I am considering adopting a rescue Kakariki that we got in at work 3 weeks ago. She is a lovely green pied yellow. But unfortunately was abandoned because she requires so much more care than she used to. She is 15 years old and has a cataracts in one eye. She is always the first bird to greet you (although not tame), and loves to climb and jump around everywhere (she'll only fly when scared). Unfortunetly I don't have any photos of her...


----------



## RavensGryf (May 8, 2015)

Congratulations, Solomon is a beautiful young man ! In the past I had a Grand Ekkie female.
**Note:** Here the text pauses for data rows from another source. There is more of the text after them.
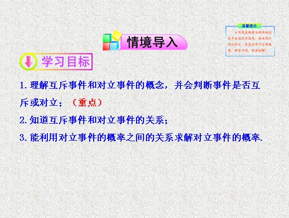 2013版高中数学全程学习夺冠方略多媒体课件:3.4 第1课时 互斥事件(苏教版必修3)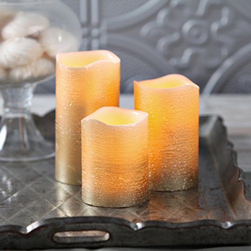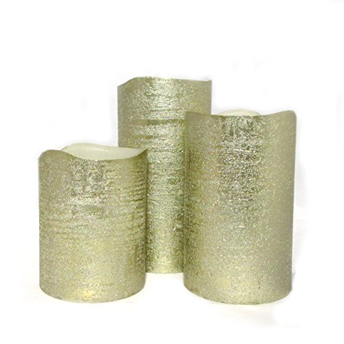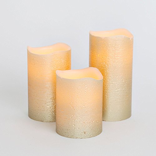 Set of 3 Gold Wax Flameless Battery Candles with Timer and Remote [並行輸入品]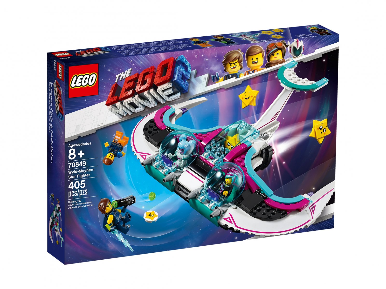 Strzelający gwiazdami statek kosmiczny dla fanów filmu LEGO® PRZYGODA 2™! Dzieci będą się doskonale bawić, wcielając się w popularne postacie z filmu LEGO® PRZYGODA 2™ i urządzając gwiezdne bitwy za pomocą zestawu 70849 Myśliwiec Słodka Żyleta. Statek kosmiczny LEGO ma dwa kokpity (jeden dla Żylety i jeden dla Słodkiej Zadymy), miotacz gwiezdnych dysków oraz funkcję zrzucania bomb, za pomocą której z tylnej części statku można zrzucić trzy figurki Gwiazdek. W tym zestawie z serii THE LEGO MOVIE 2 znajdziesz trzy minifigurki i minilaleczkę z bronią i akcesoriami.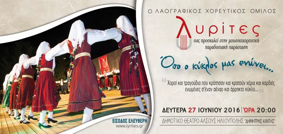 Ganz nach dem Motto der Tanzveranstaltung: „Solange uns der Kreis verbindet…“ geben sich Kinder und Erwachsenen die Hände und tanzen quer durch die griechische Tradition. Getanzt wird am 27. Juni, um 20 Uhr , im offenen Theater „Alsou Ilioupolis – Dimitris Kintis“.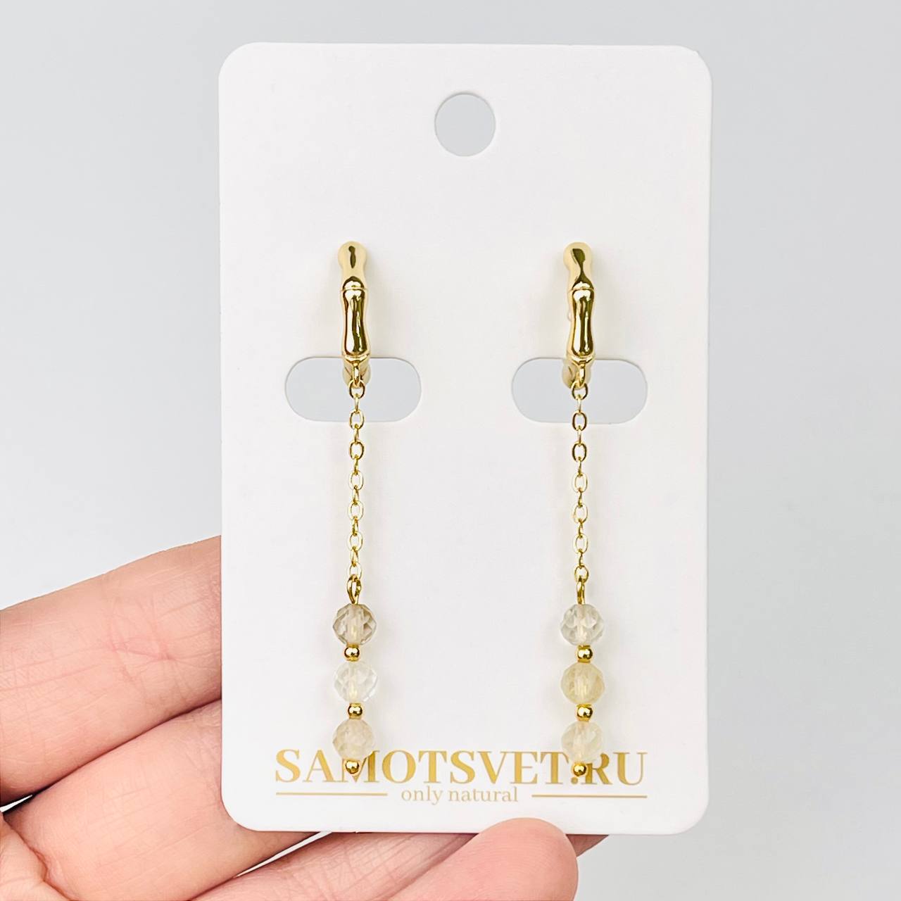 Радуга Самоцветов Серьги на цепочке из Рутилового кварца "Волосатик"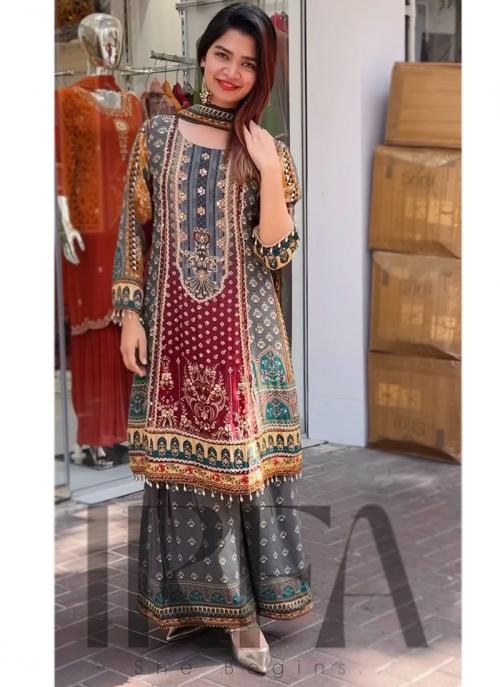 Premium Digital Printed Readymade Three Piece with Lace Work Detail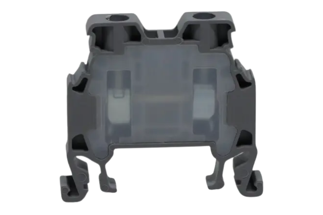 Accesorio de terminación para riel DIN compatible con borneras de 4 mm²; permite cerrar y rematar la fila de borneras, asegurando un acabado seguro y ordenado en el carril.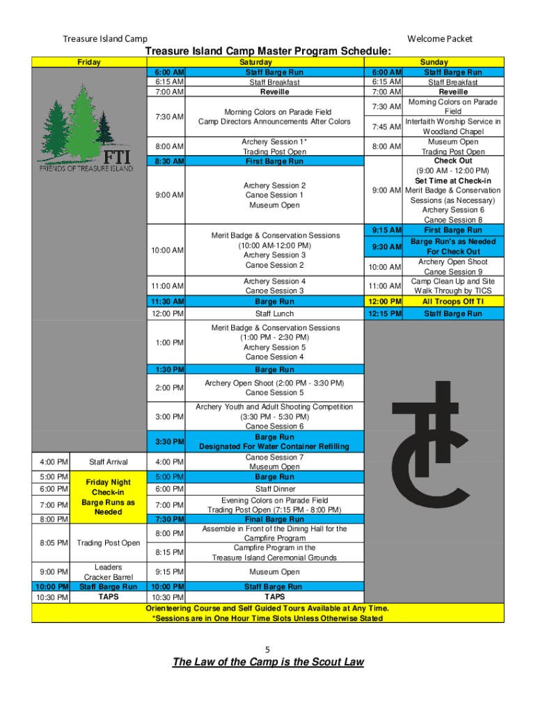 Treasure Island CampWelcome PacketWELCOME TO HISTORIC TREASURE ISLAND The Friends of Treasure Island (FTI) and the Treasure Island Camp Staff (TICS) wants you to enjoy your weekend with us. If you

I currently have a Pionus and 2 Poicephalus parrots in addition to my 2 budgies . I'd love to have an aviary or two like yours!


----------



## Raix (Jul 23, 2013)

Thank you 
Im just lucky I have the room and am allowed. 
Solomon is only an inside bird though (he goes out for sun, ect.) 
At the moment I only have 1 avairy (I can access... my other birds are somewhere else  )


----------



## Jonah (Feb 3, 2013)

Solomon is a good looking bird...


----------



## Budget baby (Jan 1, 2013)

Solomon is a very inquisitive looking little fellow, I love his beautiful vibrant colouring and his beak is so shiny


----------



## FaeryBee (May 9, 2011)

*Solomon is quite handsome and I'm sure he'll be very happy with you. *


----------



## aluz (Jul 24, 2011)

Congratulations on your latest arrival, Solomon is gorgeous! 
Best of luck with him and I hope you will be able to adopt the kakariki.


----------



## Therm (Aug 2, 2015)

He has the most adorable face!


----------



## StarlingWings (Mar 15, 2013)

Aww, Solomon is a very handsome fellow! His colours are stunning


----------



## Raix (Jul 23, 2013)

Thank you everyone 
Solomon is fully flighted, and the best thing is he'll eat just about anything you give him, from pumpkin seeds to strawberries (and everything in between  ) He came over today to see what the camera was all about


----------